途中で2度ほど回線が切れた。ただし、自動的に復活し、録画もそのまま続けられた。切れた時は慌てちゃダメで、ただ待っていればいい。

また40分の時間制限だが、通夜のときも葬式のときも、特に遮断されることはなかった。どんな条件設定で、遮断されるのか、いまひとつ、まだズームの癖がわからない。

スマホ越しだったが、お棺に収まった伯父の顔をみんなで見ることができた。

ズーム越しだったが、全国にちらばったいとこたちは、伯父に会えた。シンガポールにいる妹も、会えた。

デジタル、ありがとう。

伯父は、亡くなったじいさんとばあさんに似ていた。生きているころはあまりそう思ったことはなかったのだが。たぶん私も死に顔は父親と母親に似ているのだろう。

翌日=今日、お葬式があった。

斎場で老師様のお経をきき、出棺。

焼き場はカメラが回せないので、荼毘に付された後、お寺で老師があらためてお経をあげる。こちらでも2台のスマホを横と後ろにおいた。

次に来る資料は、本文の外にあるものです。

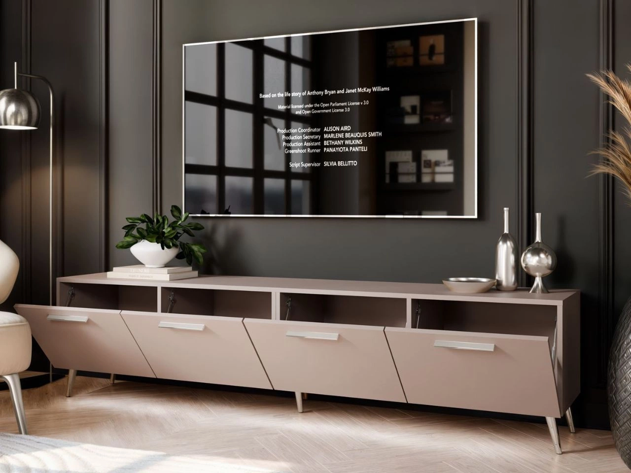 Szafka RTV pod telewizor z drzwiczkami i oświetleniem LED na srebrnych nóżkach 200 cm Noaé Kaszmir
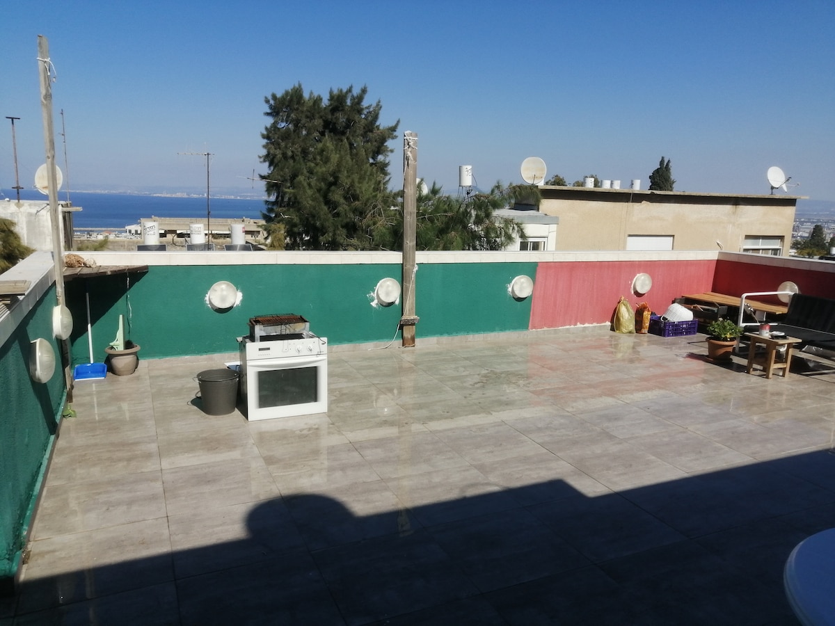 Newly renovated Penthouse, this 150-square-meter home with a 50-square-meter balcony offers stunning sea and Haifa views. Featuring an outdoor kitchen, the penthouse near Sami Ofer provides free parking and a fully equipped kitchen. Its spacious salon is perfect for family gatherings. Walking distance to markets, restaurants, and a 2-minute walk to the bus stop; the highway is 4 minutes away. Please note, this is our personal home, but we love hosting guests while we're away.

今度は外部参加者の音声をあらかじめオフにして、現場のスマホ2台の音声をオン。2時間以上あったが、ズームはとぎれることなく中継してくれた。いとこの子供たちのお別れの言葉もズーム越しに聞こえてきた。みんなおっきくなったなあ。

というわけで、ズームをお通夜とお葬式に導入するのは、電話がつながる限り、それほど難しくない。新型コロナウイルス の感染拡大にともない、動きたくても動けないひとたちは増えるだろう。お葬式だけじゃなく、祝い事なども、ズーム(あるいは類似のサービス)をつかって会場と行きたかったひとをつなぐケースは増えてくるだろう。

もしかすると、斎場やお寺や教会や結婚式場が、あらかじめ、遠隔地で現場を結ぶ安定した回線と専用カメラを用意して、リモートお葬式やリモート結婚式やリモート授賞式を行うのが当たり前になるかもしれない。

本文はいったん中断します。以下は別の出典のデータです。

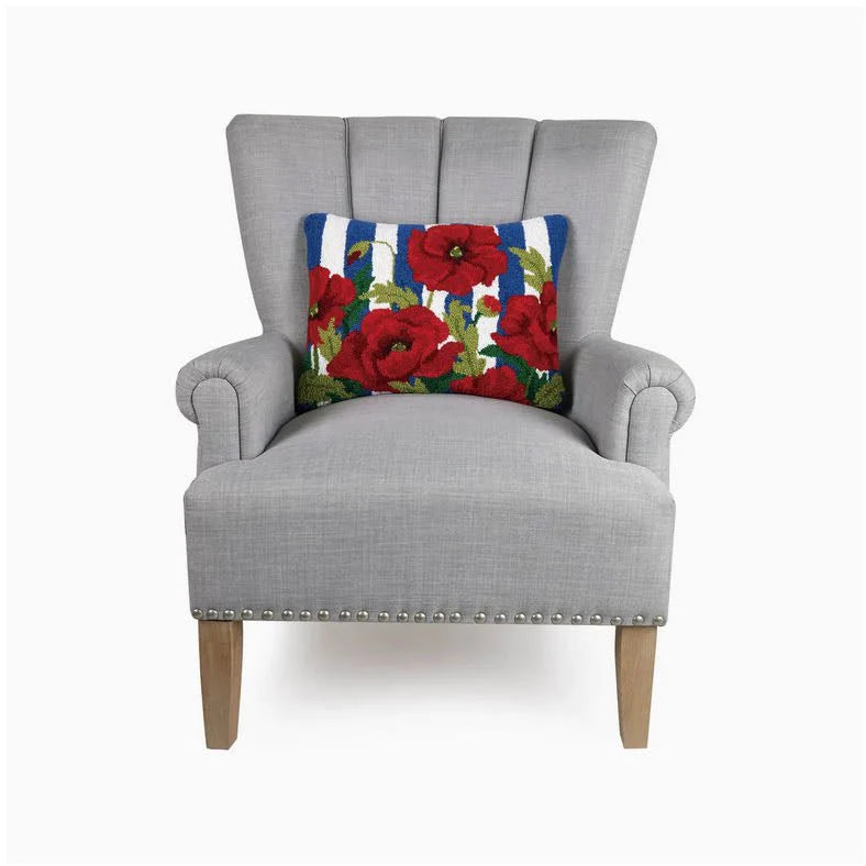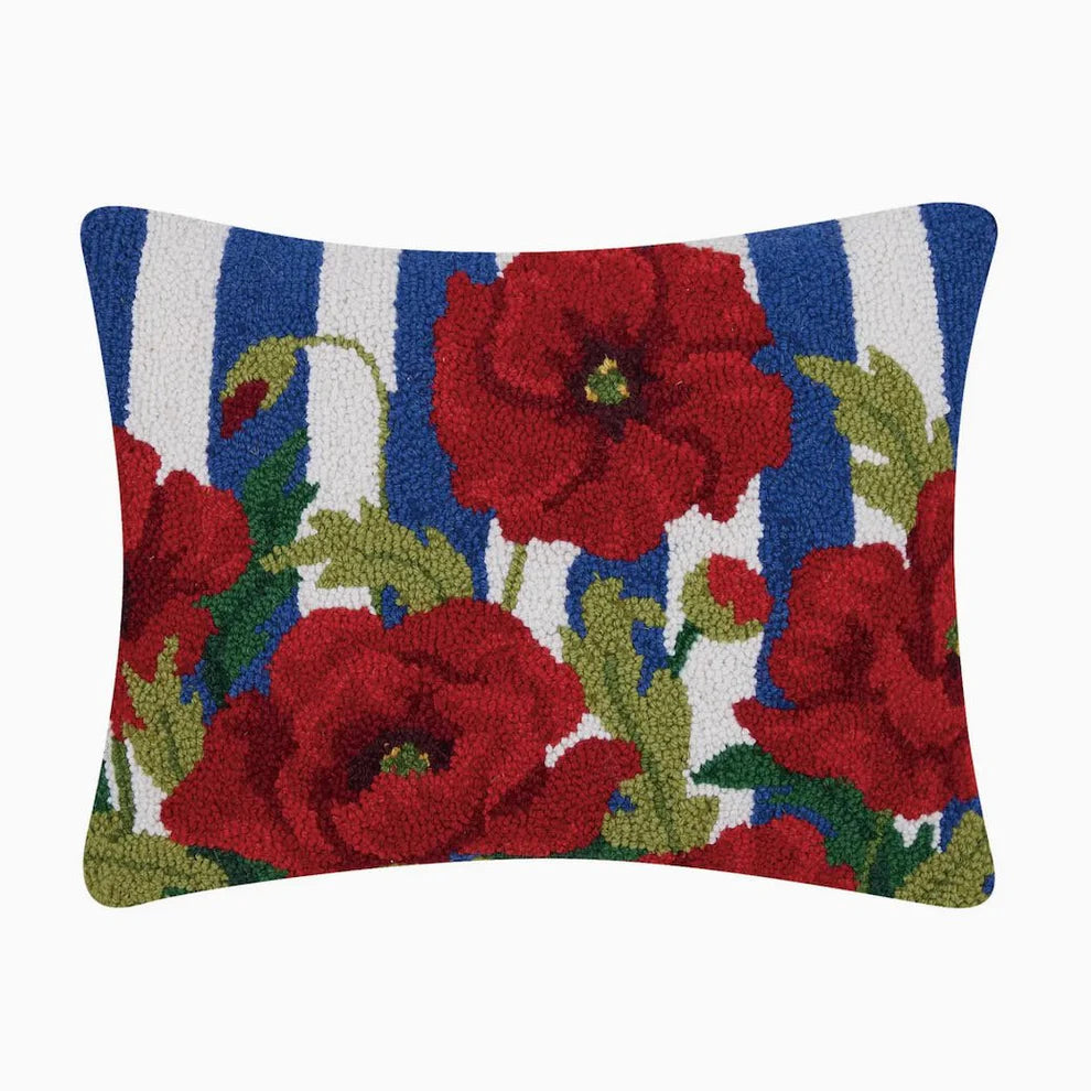 This gorgeous 14 x 18” hooked rug pillow is perfect for your summer decor, especially at Memorial Day and July 4th! Made from 100% wool on the front and cream colored velveteen on the back side it features blue stripes and bright red poppies. A wonderful summer accent!

伯父のお通夜とお葬式で、ズームを利用したのは、おそらくこれが初めてではないかもしれない。すでに、全国のどこかで私同様導入したケースがあるだろう。

ただ、静岡では伯父のお通夜とお葬式がはじめてだったかもしれない。

伯父は新しもの好きだった。

昔から、私が新しく変なことを始めると、うれしそうに「おい博一、話をきかせろ」と電話をしてきた。で、「ライオンズクラブでなんか話せ」とさそわれた。うっかり大学の教員になったときも「おい博一、教授ってのはもうかるのか?」と聞いてきた。儲かりません。でも、2回お話をした。

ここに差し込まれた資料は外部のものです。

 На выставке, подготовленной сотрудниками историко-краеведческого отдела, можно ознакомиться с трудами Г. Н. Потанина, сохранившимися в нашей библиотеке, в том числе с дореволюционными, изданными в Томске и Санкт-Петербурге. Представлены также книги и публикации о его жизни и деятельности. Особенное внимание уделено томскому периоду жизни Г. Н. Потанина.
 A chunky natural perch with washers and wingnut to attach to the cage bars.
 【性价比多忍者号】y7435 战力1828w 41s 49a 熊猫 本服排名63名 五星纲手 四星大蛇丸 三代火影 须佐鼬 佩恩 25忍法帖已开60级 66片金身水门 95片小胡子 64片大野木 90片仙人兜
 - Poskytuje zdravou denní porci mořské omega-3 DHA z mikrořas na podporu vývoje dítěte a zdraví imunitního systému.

そんな伯父の通夜と葬式には、新型コロナウイルス のせいで、親戚のほとんどが集まれなかったけれど、ZOOMを使った電脳通夜、電脳葬式が盛り込まれた。

おじさん。アルファロメオ156買って以来だね、静岡ではじめて、ってのは。

そして、おじさん、すまん。あなたにとって、いちばんはじめの甥っ子は、むかしもいまも、こうやってえらく騒がしいので、「やすらかにお眠りください」とは、とても言えないのです。

そのかわり、極楽浄土か、静岡の高級クラブのどこかで、「どうだ、俺の葬式がズームってのつかったのが、静岡じゃ、はじめてだぞ」と、周囲の亡者どもにえばってください。